▶ [Work item]: Entries follow. Give back exactly the lines starting at the one containing "Collier avec pendentif" and ending at the one containing "#37.近看巴伐利亞邦總理府", and no other lines.

▶ [Input]:
——
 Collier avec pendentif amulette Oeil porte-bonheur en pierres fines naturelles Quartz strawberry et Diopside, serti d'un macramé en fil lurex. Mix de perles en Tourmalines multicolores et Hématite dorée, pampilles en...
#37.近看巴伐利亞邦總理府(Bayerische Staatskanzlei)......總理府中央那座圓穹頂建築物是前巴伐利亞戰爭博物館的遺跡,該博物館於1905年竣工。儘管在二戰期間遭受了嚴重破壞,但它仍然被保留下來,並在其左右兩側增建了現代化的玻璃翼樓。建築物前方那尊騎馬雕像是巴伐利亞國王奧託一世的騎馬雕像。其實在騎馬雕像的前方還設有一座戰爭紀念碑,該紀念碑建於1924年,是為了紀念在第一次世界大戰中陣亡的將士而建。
——
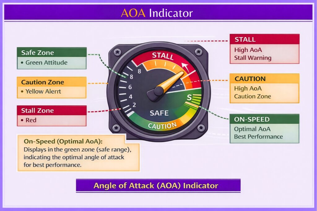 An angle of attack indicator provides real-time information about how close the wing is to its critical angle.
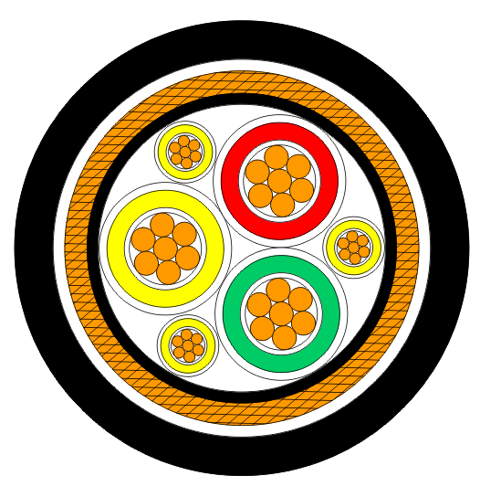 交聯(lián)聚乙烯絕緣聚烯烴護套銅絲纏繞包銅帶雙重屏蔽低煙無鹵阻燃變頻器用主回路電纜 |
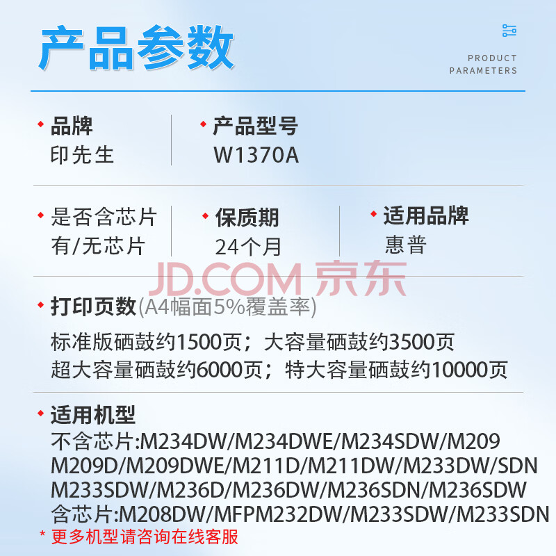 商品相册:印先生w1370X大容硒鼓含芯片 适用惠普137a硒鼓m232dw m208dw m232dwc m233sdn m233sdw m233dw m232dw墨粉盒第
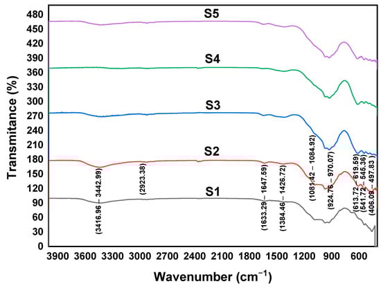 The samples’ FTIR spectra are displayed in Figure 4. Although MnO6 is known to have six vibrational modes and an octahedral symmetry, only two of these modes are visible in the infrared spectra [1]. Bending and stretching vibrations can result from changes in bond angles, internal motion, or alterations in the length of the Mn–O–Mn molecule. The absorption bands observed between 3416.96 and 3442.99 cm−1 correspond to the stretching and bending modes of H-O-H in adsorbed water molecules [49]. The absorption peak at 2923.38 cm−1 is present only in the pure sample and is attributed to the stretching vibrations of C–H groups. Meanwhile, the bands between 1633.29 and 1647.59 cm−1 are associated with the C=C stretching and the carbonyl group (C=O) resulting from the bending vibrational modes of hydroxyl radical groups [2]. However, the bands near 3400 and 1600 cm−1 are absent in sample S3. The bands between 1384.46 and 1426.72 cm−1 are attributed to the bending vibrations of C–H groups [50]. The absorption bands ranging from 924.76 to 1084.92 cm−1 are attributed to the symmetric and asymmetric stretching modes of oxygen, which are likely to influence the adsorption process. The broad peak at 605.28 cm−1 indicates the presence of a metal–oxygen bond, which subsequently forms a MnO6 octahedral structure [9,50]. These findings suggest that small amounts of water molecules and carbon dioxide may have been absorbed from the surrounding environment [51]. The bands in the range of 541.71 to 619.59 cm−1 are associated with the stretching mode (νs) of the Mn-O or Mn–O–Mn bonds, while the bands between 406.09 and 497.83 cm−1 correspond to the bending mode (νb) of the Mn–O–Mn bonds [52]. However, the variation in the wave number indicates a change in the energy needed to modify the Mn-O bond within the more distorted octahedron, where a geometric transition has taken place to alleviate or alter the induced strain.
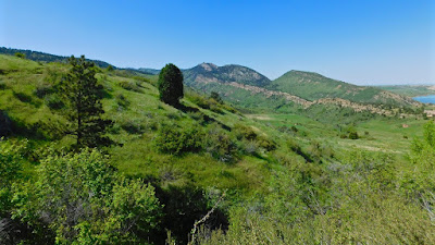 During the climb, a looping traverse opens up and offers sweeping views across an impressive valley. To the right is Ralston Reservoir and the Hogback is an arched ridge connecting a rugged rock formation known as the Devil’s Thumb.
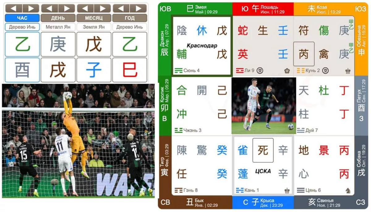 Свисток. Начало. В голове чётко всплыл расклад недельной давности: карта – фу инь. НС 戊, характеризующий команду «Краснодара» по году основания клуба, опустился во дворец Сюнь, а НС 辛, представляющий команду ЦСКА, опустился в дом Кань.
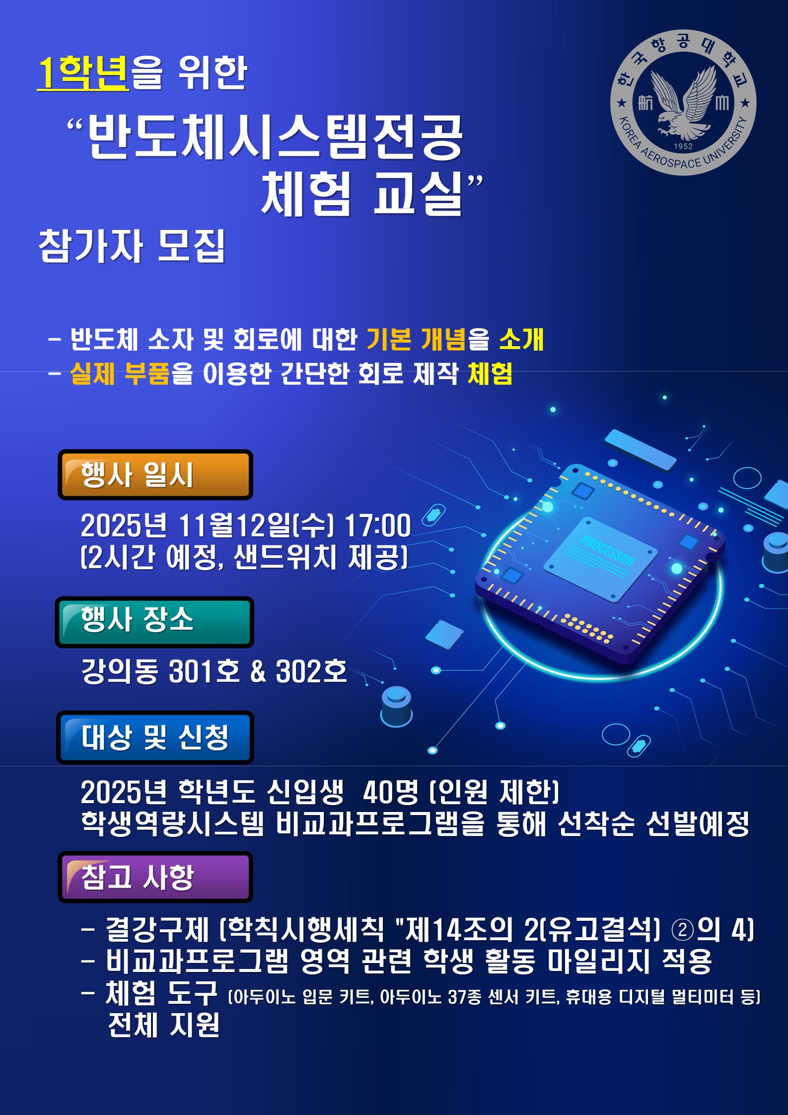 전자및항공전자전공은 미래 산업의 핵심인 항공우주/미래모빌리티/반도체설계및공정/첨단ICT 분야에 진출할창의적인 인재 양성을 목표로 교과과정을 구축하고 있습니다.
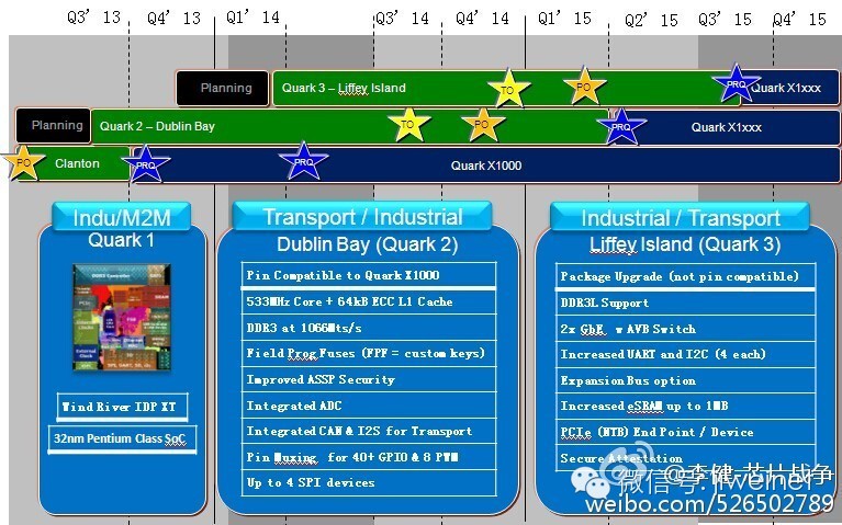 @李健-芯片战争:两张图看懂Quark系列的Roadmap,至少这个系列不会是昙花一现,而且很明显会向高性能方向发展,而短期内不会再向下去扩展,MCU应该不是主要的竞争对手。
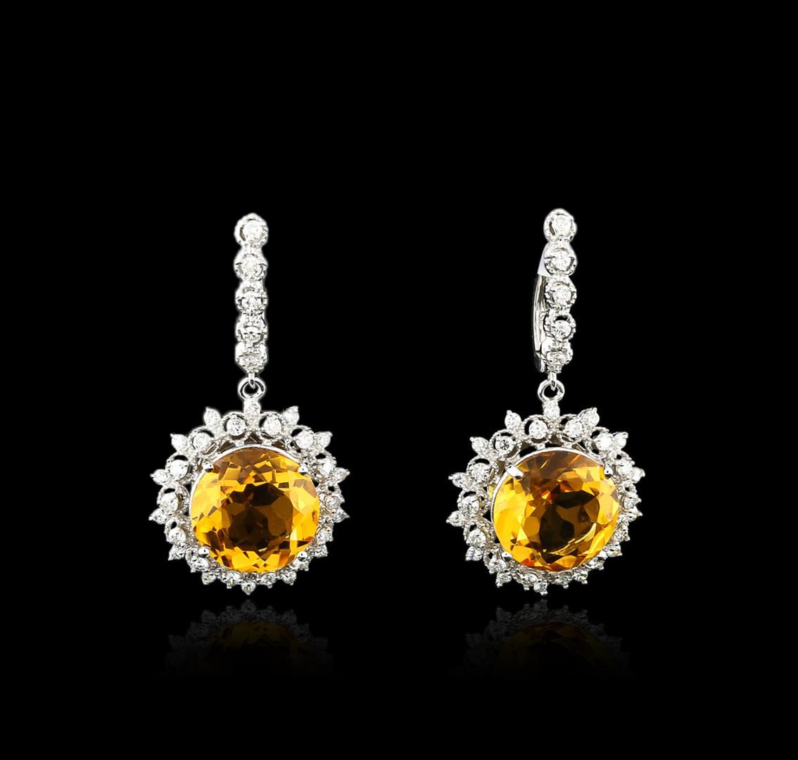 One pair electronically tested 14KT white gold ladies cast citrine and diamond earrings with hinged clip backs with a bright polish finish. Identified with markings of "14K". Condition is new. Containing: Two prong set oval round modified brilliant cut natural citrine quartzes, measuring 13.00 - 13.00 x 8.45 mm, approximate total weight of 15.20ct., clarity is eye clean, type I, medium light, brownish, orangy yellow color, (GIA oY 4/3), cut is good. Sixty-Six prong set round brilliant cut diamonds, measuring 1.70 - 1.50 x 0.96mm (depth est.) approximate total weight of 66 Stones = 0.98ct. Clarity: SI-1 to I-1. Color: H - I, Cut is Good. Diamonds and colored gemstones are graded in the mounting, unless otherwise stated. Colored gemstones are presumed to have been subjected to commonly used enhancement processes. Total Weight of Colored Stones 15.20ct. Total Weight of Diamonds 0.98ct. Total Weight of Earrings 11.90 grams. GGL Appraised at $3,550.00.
——
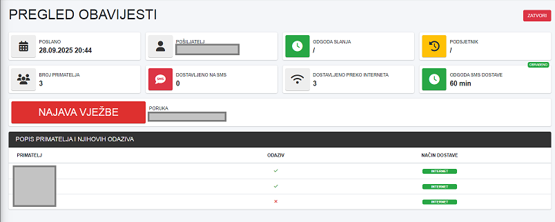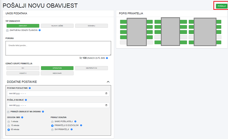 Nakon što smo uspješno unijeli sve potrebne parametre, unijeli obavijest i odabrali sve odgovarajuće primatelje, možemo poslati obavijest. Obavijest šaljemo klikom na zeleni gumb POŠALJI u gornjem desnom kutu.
——
▶ [Reply]:
 Collier avec pendentif amulette Oeil porte-bonheur en pierres fines naturelles Quartz strawberry et Diopside, serti d'un macramé en fil lurex. Mix de perles en Tourmalines multicolores et Hématite dorée, pampilles en...
#37.近看巴伐利亞邦總理府(Bayerische Staatskanzlei)......總理府中央那座圓穹頂建築物是前巴伐利亞戰爭博物館的遺跡,該博物館於1905年竣工。儘管在二戰期間遭受了嚴重破壞,但它仍然被保留下來,並在其左右兩側增建了現代化的玻璃翼樓。建築物前方那尊騎馬雕像是巴伐利亞國王奧託一世的騎馬雕像。其實在騎馬雕像的前方還設有一座戰爭紀念碑,該紀念碑建於1924年,是為了紀念在第一次世界大戰中陣亡的將士而建。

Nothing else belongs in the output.